[Date Prev][Date Next][Thread Prev][Thread Next][Date Index][Thread Index]

Re : want to purchase a TS: Summary



PureBytes Links

Trading Reference Links

Dans un courrier daté du 23/09/98 19:31:06  , Phil Lane écrit :

<< 
 I've spent many years studying the market with TS. I've tried literally
 thousands of great ideas that DON'T WORK. Maybe I'm asking too much. The
 goal is to find something robust, consistent, etc. that works across ALL
 CONTRACTS going back to the beginning. (As far as I'm aware this was 1982
 for the SPs??) There must be a large sample of trades, with a good
 distribution of profits (doesn't depend on one grand slam trade). Signals
 without an inherent up or down bias.

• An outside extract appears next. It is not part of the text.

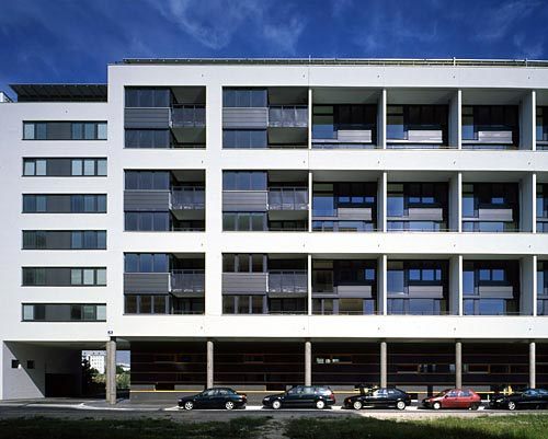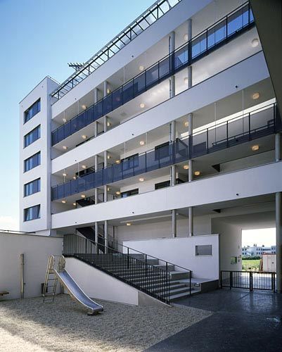 In Riegelmitte sind durchgesteckte Maisonetten mit hofseitigen Laubengängen an Eingangsflur und zweizeiliger Küche. Ihr Fensterband hat Ostsonne, keine Tür trennt vom großen Wohnraum mit Westloggia. Viel Höhe bietet ein Luftraum an der einläufigen Treppe in die obere Schlafebene mit Sanitärblock in der dunklen Mitte. Sowohl der große Raum im Westen als auch die zwei kleinen im Osten haben Balkon. Wie Passepartouts rahmen weiße Mauerbänder zartwandig getrennte Loggien an der Straße. Glas, Lochblech-Anthrazitbrüstungen und das Wechselspiel aus Balkon und Loggia geben der Fassade Plastizität. Die lichtmäßig schwierige 16-Meter-Tiefe wird zum Mehr an Privatfreiraum, der Ost-und Westsonne hereinlockt. An den Riegelenden liegt je ein Dreispänner ums verglaste Stiegenhaus, das gelenksartig die Seitentrakte anbindet. Wie eine Brücke schwebt ein schmaler Appendix im Norden über die Straße, dockt als gedeckte Arkadenverlängerung an Elsa Prochazkas Nachbarbau an. Die Garage führt im Erdgeschoss zum Sondertyp: Man wohnt im ersten Stock mit Südterrasse zum Hof, das Galerienordlicht erhellt das hohe Entree. Das variierte Motiv des Mauerrahmens um Glas- Anthrazit-und Metallbänder eint die differenziert gegliederte Anlage.

An equity curve steadily ramping up
 year after year.
>>

I have done the same than you during years.
With the same deceptive results and a big dustbing full of worthless systems
(that I ever considered to be great before coding and testing...)
There are some things that fairly works on mostly all markets (I nevr said
all, but i do not work anymore on dailydata), and they are not ready coded in
any software, TradeStation included.

The best thing you can do is to try some recent AI software like Neuroshell
Trader or Biocomp Profit.
If I'm correct, these new NN package should be able to better exploit the few
indicators that you may have found worth to keep on your HD.
The solution is, from my experience, somewhere around this if you do not want
to waste your time.
But beware of overfitting.


As you use to say, I have no affiliation with Neuroshell Trader (Ward Systems
Group) and Biocomp Profit.
Just wanted to pass the information, but I have not tried these products.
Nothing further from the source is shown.